Earlier than April 1, 2026 From April 1, 2026
Value reference LBMA, London (in US {Dollars}) Indian inventory trade (in Indian Rupees)
Who units the worth Worldwide physique in London Regulated Indian exchanges like MCX, BSE
Changes wanted 5 to six layers, every AMC decides its personal Minimal and uniform for all fund homes
Why NAVs differed Actual distinction + synthetic AMC adjustment Solely actual variations like expense ratio
Are you able to evaluate two Gold ETFs? Not reliably Sure, reliably and meaningfully

What Ought to You Do as an Investor Proper Now?

Nothing. Completely nothing pressing.

If you’re already holding Gold ETFs, Silver ETFs, or Gold and Silver Mutual Funds — whether or not by SIP or lumpsum — merely proceed. Your bodily gold and silver holdings contained in the fund are utterly untouched. Your models are protected. There is no such thing as a exit required, no switching wanted, no paperwork out of your finish.

On or round April 1, 2026, you would possibly discover your Gold ETF or Silver ETF NAV trying barely completely different from the way it was trending within the days earlier than. Please don’t panic. This isn’t a loss. It isn’t a fund error. It’s merely the one-time impact of switching from the outdated London-based pricing methodology to the brand new Indian exchange-based pricing methodology. As soon as this transition settles, your NAV will proceed to behave precisely because it all the time has — rising when gold rises, falling when gold falls.

SEBI has additionally directed AMFI (Affiliation of Mutual Funds in India) to work out an in depth uniform coverage on how this spot value polling will function on a day-to-day foundation throughout all fund homes. Additional operational readability from AMFI is predicted quickly.

Conclusion –

It is a smart and long-overdue correction by SEBI — and actually, it’s shocking it took this lengthy.

For years, the LBMA-based methodology quietly confused strange buyers with out anybody clearly explaining what was really occurring behind the scenes. You’ll have a look at two Gold ETFs in your app, see completely different NAVs, and marvel — which one is performing higher? Ought to I change? Am I within the flawed fund?

Half the time, neither fund was really higher. They have been merely utilizing completely different inner changes that created a totally synthetic phantasm of efficiency distinction — the place none existed in actuality.

Transferring to a single, Indian, exchange-published spot value removes that phantasm completely. Now once you see one Gold ETF clearly outperforming one other over a time frame, it’s going to imply one thing actual — decrease prices, higher fund administration, tighter monitoring of the underlying steel. That’s info you possibly can genuinely act on as an investor.

For many retail buyers, this transformation won’t really feel dramatic in day-to-day life. The gold in your ETF is similar. The fund is similar. Your SIP continues as earlier than. However on the coverage stage, this can be a vital and essential step towards making Gold and Silver ETFs extra clear, extra comparable, and extra reliable as funding merchandise for strange Indians.

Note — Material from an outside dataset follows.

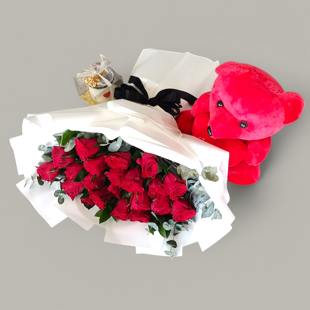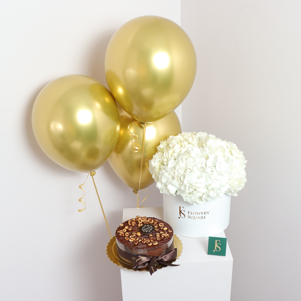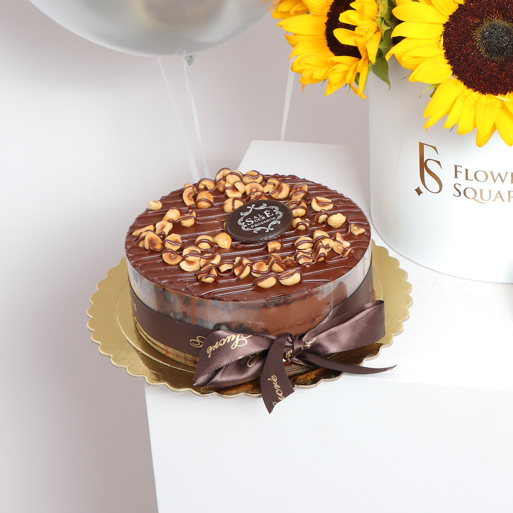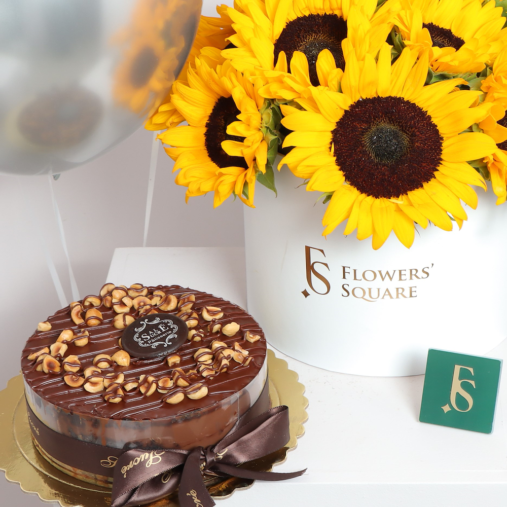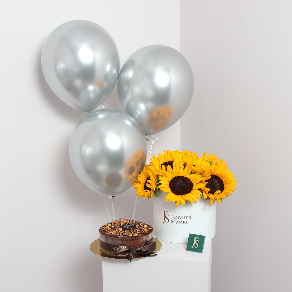 Surprise your loved ones with a special bouquet of sunflowers, hazelnut fudge cake, and 3 silver helium balloons are sure to make your special occasion unforgettable. Crafted with the best ingredients, the sweet and creamy taste of the hazelnut fudge cake will tantalize your taste buds while the silver helium balloons create an ethereal atmosphere. Let us make your celebration memorable.

As all the time, gold stays what it’s — a long-term portfolio hedge and diversifier, not a short-term buying and selling instrument. Whether or not NAVs have been calculated utilizing London costs or MCX costs, your actual problem in gold investing has all the time been the identical: endurance, not pricing methodology.

Disclaimer: This text is written purely for instructional functions and shouldn’t be thought-about as funding recommendation. Mutual Fund investments are topic to market dangers. Please learn all scheme-related paperwork fastidiously earlier than investing.

Supply: SEBI Round No. HO/(68)2026-IMD-POD-2/I/5780/2026 dated February 26, 2026. Obtainable at sebi.gov.in underneath Authorized > Circulars.